The UN rights office has said its fact-finding mission found no 'genuine effort' by the ousted regime to hold the security and law-enforcement agencies and their activists accountable for serious rights violations and abuses during last year's uprising, reports BSS.
The Office of the UN High Commissioner for Human Rights (OHCHR) report on human rights violations in Bangladesh in July-August 2024 stated that despite being warranted by Bangladesh's own domestic laws, former senior officials confirmed that no investigations into the security forces' use of firearms were conducted.
Between July 1 and August 5, 2024, OHCHR was unable to ascertain any genuine efforts by the former government's authorities to investigate, let alone ensure accountability for, any of the serious violations and abuses committed by security forces and Awami League supporters, it said.
Allegations of torture and serious ill-treatment were not investigated while former officials cited the pressing security situation prevailing at the time, claiming that no victim complaints were received.
But the OHCHR said numerous reports detailing alleged violations published by credible local and international media, and reports issued by human rights groups should have given ample cause to open investigations at their own initiative.

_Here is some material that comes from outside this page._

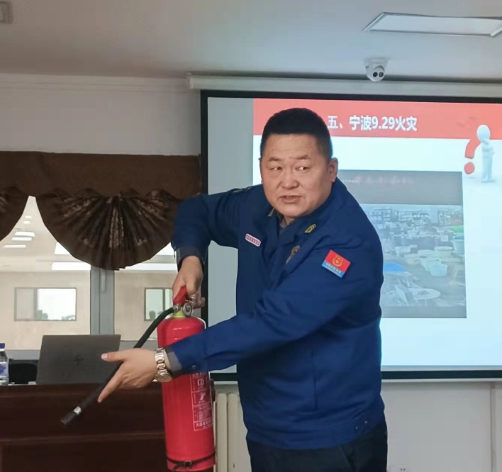 随后,董立明从近几年国内、校内发生的一些火灾案例入手,通过图片视频展示、消防器材使用现场演示等,对与会人员进行专题培训。在讲座中为大家分析了日常消防隐患,介绍了消防器材使用方法,科普了火灾逃生自救知识及技能。他强调,广大师生在日常生活中一定要提高消防安全意识,居安思危,防微杜渐。

The report noted that on July 17, the then premier Sheikh Hasina announced the formation of a judicial inquiry headed by three judges, while blaming all incidents on 'opposition instigators' and 'terrorists.'
The OHCHR said inquiry was assigned to investigate the 'incidents of death, violence, vandalism, arson, looting, terrorist activity and damages caused by the quota reform movement'.
It said the purview of the enquiry suggested 'an exclusive and one-sided focus on the acts of protesters alone, leaving to one side the much more widespread violence of the security forces'.
"Rather than taking steps towards ensuring accountability, the authorities appear instead to have made coordinated efforts to suppress the truth about violations that had occurred," the report read.
The OHCHR said the intelligence agencies of police and other forces maintained a presence at hospitals where many victims were treated and also confiscated records with important evidentiary value from them.